Speaker 1Gonna happen. It's fine. What's fun about our plan is that we do that with you is that what if thing of like strategic, I think Adam Grant calls it strategic pessimism. Like we look at like, okay, well if there were gonna be a plot to twist or there were gonna be a pothole, where would it be? Right? And like we do that together though, so that we can pull your brain back into like, okay, but now we're planned for it. Now we know what to do. This is how we could fill the gaps, right? And, and do our best to like lay a plan that is the most ideal plan, right? And if plot twists happen that we didn't foresee you have support there with you, right? Like doing the money work with us. Like you, you have that support right there with you.

But then take that down the other direction. Just what if it all goes amazingly well? And even though there will be things that, things within that that go wrong, it's kind of like having a bad moment and an otherwise good day. A lot of people tend to like that. Let that one bad moment ruin their entire day. Well the people that are the most successful in this world, they have good days with bad moments, not bad days, with good moments. And that's where we wanna pull like doing this money work. That's the number one side effect of doing this money work with me or with you, is that you become the person who has good days with bad moments rather than staying in that toxic relationship of like, I'm so stressed about my, I'm having such a bad day.
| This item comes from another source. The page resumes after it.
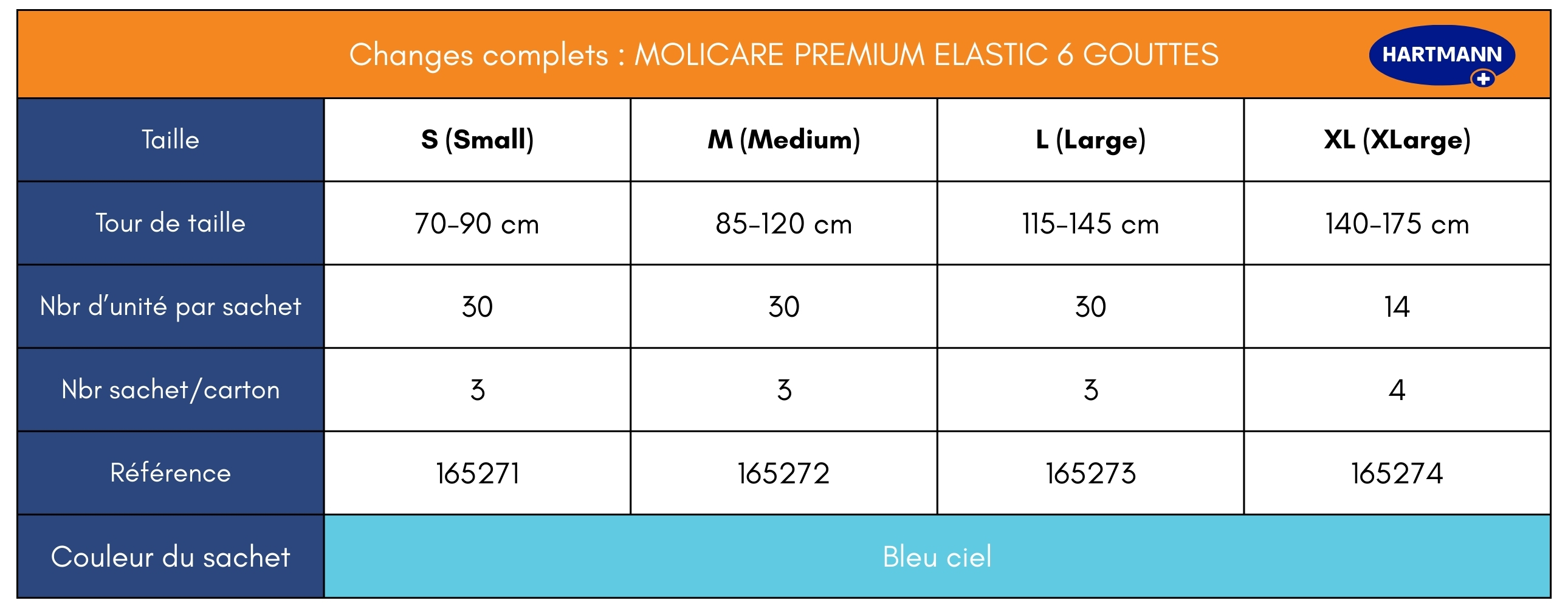 Pour faciliter votre choix au sein de la gamme Molicare Premium Elastic, nous vous proposons un tableau synthétique regroupant l'ensemble des niveaux d'absorption et des tailles proposées :

I'm having such a stressful life. I have such a no money, such situation. You you with moments and glimmers of good things, you come over to this other side where it's like, yeah, it's like basically good stuff with moments and, and and, and glimmers of like sad or yucky things tied in because that's just fully experiencing life as a human, right? Like you're gonna have bad things happen sometimes, but like overall, you'll be looking at your life and going, yeah, I'm so glad I bought this for myself. I'm so glad I bought my life for myself. I'm so glad that since I have to buy my life anyway, since we're always only ever buying our life, I might as well be buying the one I want. Right?
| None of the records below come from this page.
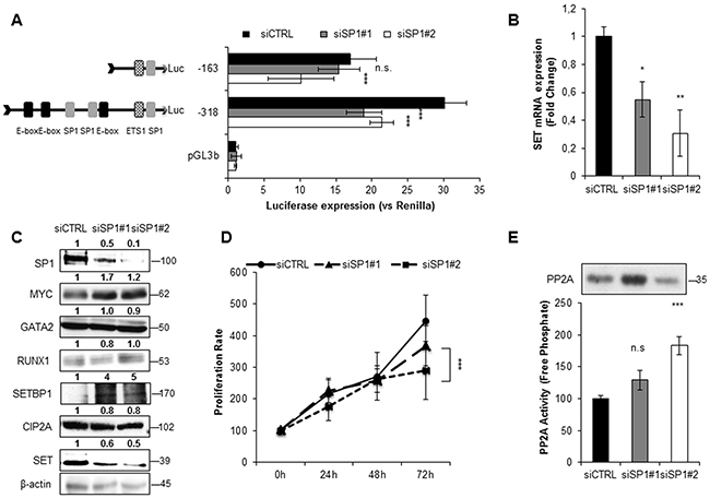 Figure 4: SP1 activates SET transcription in AML. A. Luciferase assay in HL-60 cells transfected with two different siRNAs, siRNA#1 and siRNA#2. B. SET mRNA expression assessed by QRT-PCR. C. Western blot analysis of the corresponding protein levels of SP1, MYC, GATA2, RUNX1, SETBP1, CIP2A and SET. β-Actin was used as loading control. Numbers indicate the protein quantification relative to β-Actin and assessed using Image J software (NIH, USA). D. Cell proliferation rates. E. PP2A activity levels with paired western blot results of the amount of PP2A immunoprecipitated in each condition. Values are the mean ± SD of three independent experiments. *P < 0.05, **P < 0.01, ***P < 0.001, Students t-test analysis.
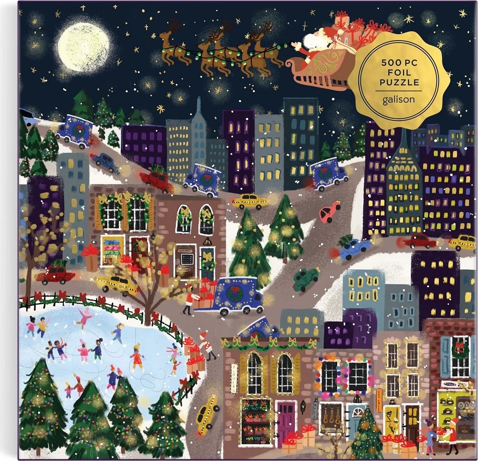 Galison Fóliové puzzle Joy Laforme Vánoční městečko Presentville 500 dílků
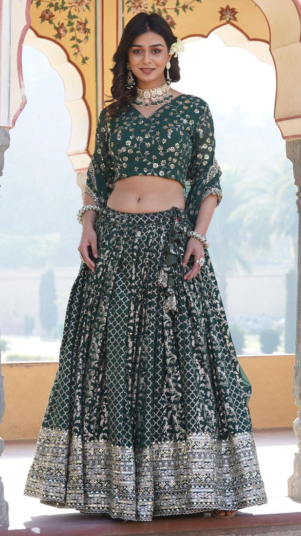 Green color Lehenga in Viscose fabric with Embroidered, Sequence work
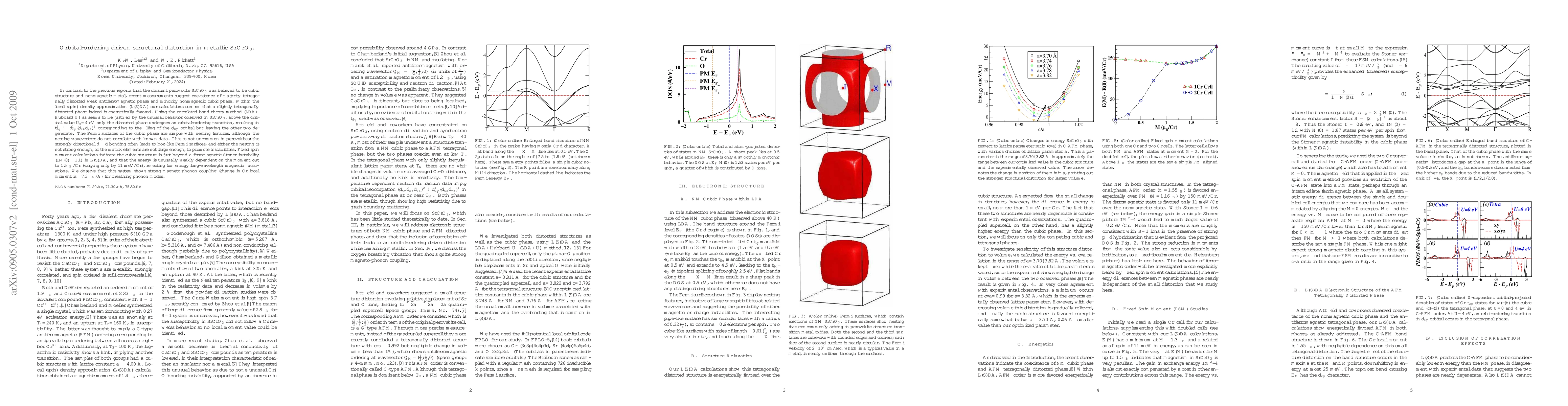 In contrast to the previous reports that the divalent perovskite SrCrO$_3$ was believed to be cubic structure and nonmagnetic metal, recent measurements suggest coexistence of majority tetragonally distorted weak antiferromagnetic phase and minority nonmagnetic cubic phase. Within the local (spin) density approximation (L(S)DA) our calculations confirm that a slightly tetragonally distorted phase indeed is energetically favored. Using the correlated band theory method (LDA+ Hubbard U) as seems to be justified by the unusual behavior observed in SrCrO$_3$, above the critical value $U_c$=4 eV only the distorted phase undergoes an orbital-ordering transition, resulting in $t_{2g}^2 --> d_{xy}^1$($d_{xz}d_{yz}$)$^1$ corresponding to the filling of the $d_{xy}$ orbital but leaving the other two degenerate. The Fermi surfaces of the cubic phase are simple with nesting features, although the nesting wavevectors do not correlate with known data. This is not uncommon in perovskites; the strongly directional d-d bonding often leads to boxlike Fermi surfaces, and either the nesting is not strong enough, or the matrix elements are not large enough, to promote instabilities. Fixed spin moment calculations indicate the cubic structure is just beyond a ferromagnetic Stoner instability (IN(0)~1.1) in L(S)DA, and that the energy is unusually weakly dependent on the moment out to 1.5$\mu_B$/Cr (varying only by 11 meV/Cr), reflecting low energy long-wavelength magnetic fluctuations. We observe that this system shows strong magneto-phonon coupling (change in Cr local moment is ~7.3 $\mu_B$/\AA) for breathing phonon modes.

And that's what we pull your brain to. So those are the things sit with where you're invalidating yourself. If you are doubting yourself, ask where you're invalidating yourself. And then two, just sit with what if it could all go right. What if it works?

Speaker 0I love that part. And even you just saying that, like what if insert your goal, dream big hair, whatever it is, what if this works? And even just listening to you say it like I get butterflies from that perspective. Like just for our listeners, like seriously sit there right now after this podcast ends and, and ask yourself out loud, what if this works and I get to pay for my kids' college with no worries. Invest in my retirement fund and live the life of my dreams. Buy that vacation home, buy a home for my family, me. Like if until you get butterflies, yeah. Sit there and list all the things that will happen if this works, because we know that in every situation, and again, there will be hurdles. This is not, this is not an easy thing. You're.

Speaker 1Not promising a a bump free ride, right? Like it's life.

Speaker 0Yes, yes. But what we will help you realize is that there are always options. You always have options. And living that good day with bad moments is absolutely within your reach.

Speaker 1Yeah. If there's one thing that going from food stamps to finance coach has taught me, it's that you always have an option.

Speaker 0Oh, I love it. I love it so much. Nicole, I am so excited. Thank you so much for coming on and sharing your expertise and your insight with us and, and I'm really excited about what's to come. Yeah.

Speaker 1 Me too. Oh, thanks for having me. Bye everybody.